# Provided records

┄┄┄┄┄┄

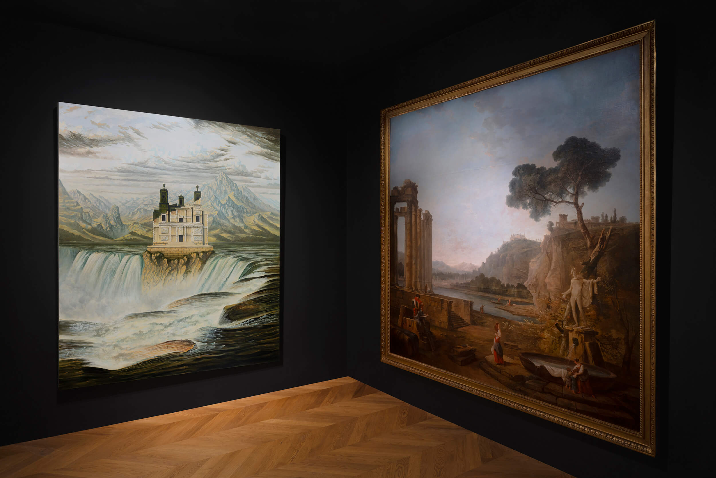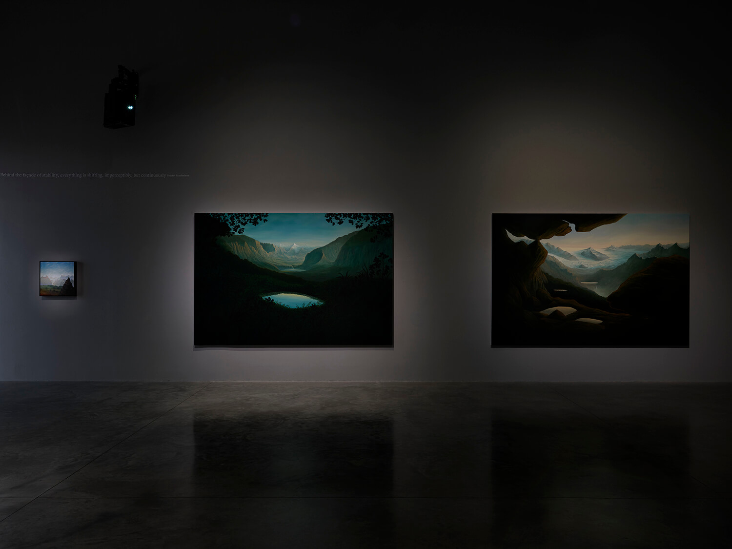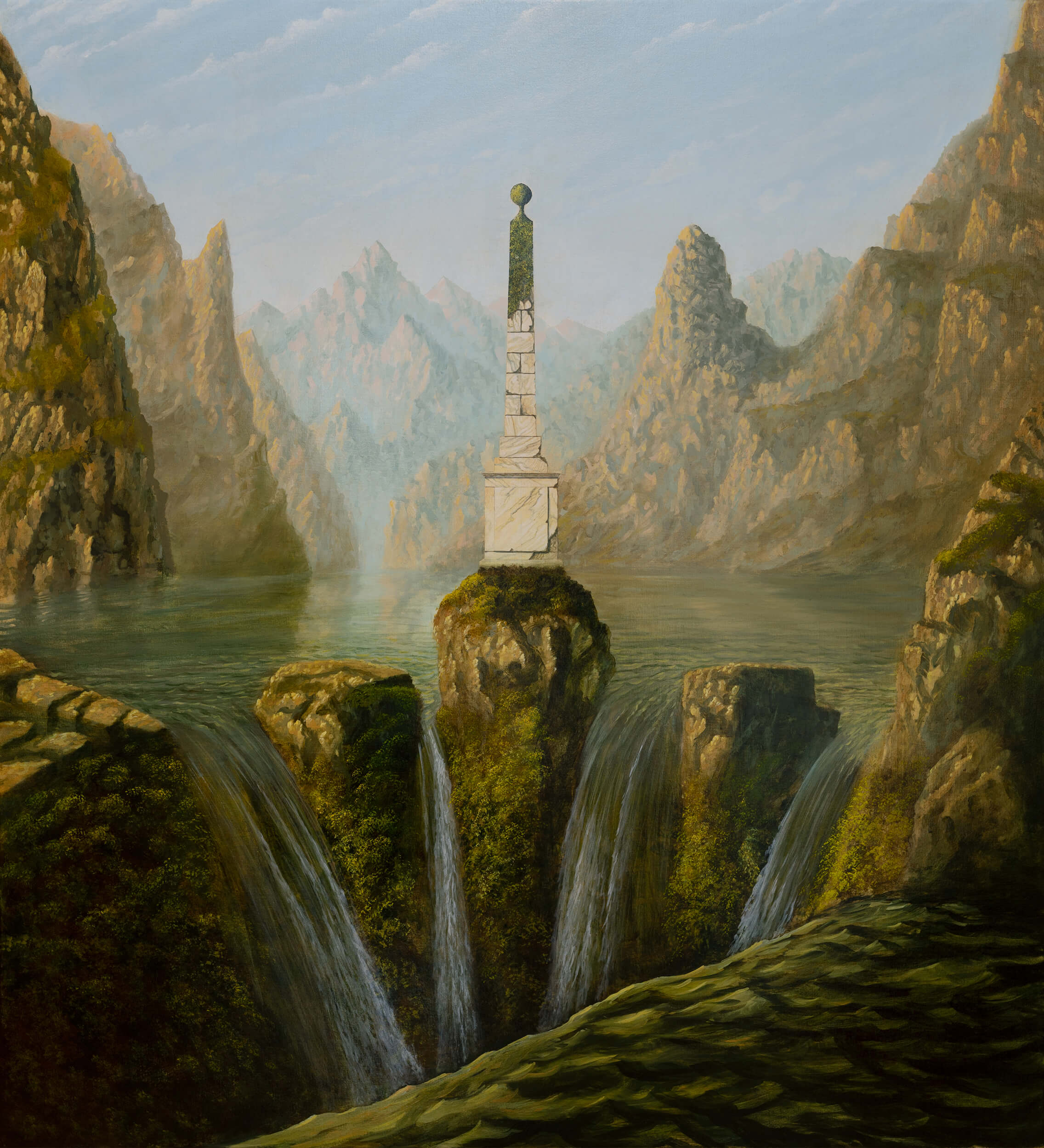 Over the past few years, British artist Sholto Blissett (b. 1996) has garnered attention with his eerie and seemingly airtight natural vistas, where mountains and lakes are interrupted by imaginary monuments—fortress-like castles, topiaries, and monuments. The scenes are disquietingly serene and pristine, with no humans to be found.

┄┄┄┄┄┄

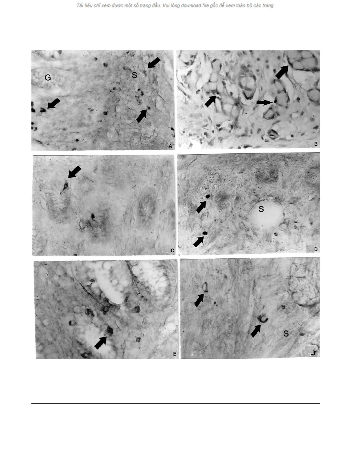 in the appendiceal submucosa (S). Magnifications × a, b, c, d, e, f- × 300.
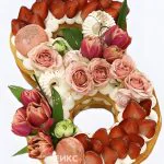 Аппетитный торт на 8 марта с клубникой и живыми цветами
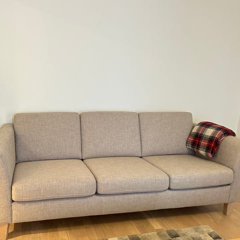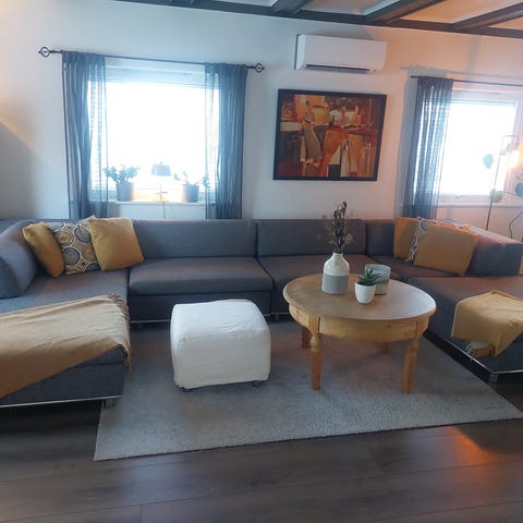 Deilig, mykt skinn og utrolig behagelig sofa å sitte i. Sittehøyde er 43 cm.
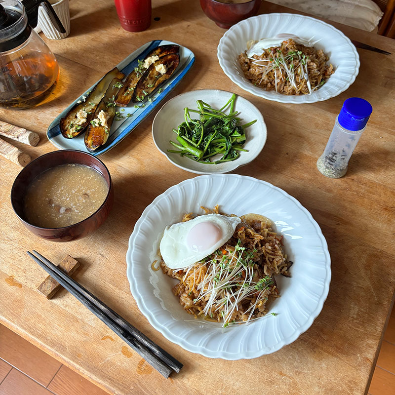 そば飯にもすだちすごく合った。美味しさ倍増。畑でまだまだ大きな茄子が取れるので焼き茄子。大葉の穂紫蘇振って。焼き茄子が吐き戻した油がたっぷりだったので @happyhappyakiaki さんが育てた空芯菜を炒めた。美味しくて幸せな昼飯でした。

┄┄┄┄┄┄

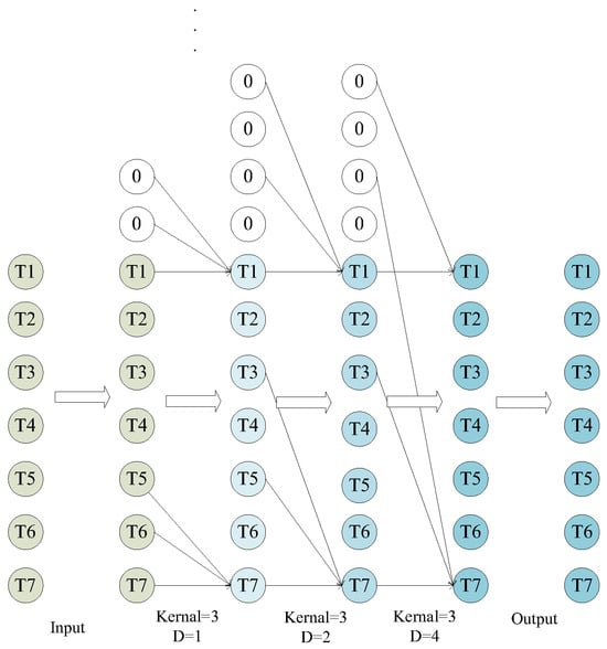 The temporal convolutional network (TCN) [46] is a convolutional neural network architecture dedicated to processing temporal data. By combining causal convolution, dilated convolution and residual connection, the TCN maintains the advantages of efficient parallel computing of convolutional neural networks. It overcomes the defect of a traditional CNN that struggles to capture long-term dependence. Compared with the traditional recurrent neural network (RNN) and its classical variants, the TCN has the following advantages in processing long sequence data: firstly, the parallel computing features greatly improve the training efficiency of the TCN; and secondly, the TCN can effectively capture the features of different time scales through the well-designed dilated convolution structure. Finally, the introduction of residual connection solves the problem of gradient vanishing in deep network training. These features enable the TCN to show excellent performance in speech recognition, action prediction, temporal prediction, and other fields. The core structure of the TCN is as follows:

┄┄┄┄┄┄

# What you will do
Using the data above, copy exactly the lines from the one containing "in the appendiceal" to the one containing "Deilig, mykt skinn", inclusive. Exclude the pictures.

# Finished exercise
 in the appendiceal submucosa (S). Magnifications × a, b, c, d, e, f- × 300.
 Аппетитный торт на 8 марта с клубникой и живыми цветами
 Deilig, mykt skinn og utrolig behagelig sofa å sitte i. Sittehøyde er 43 cm.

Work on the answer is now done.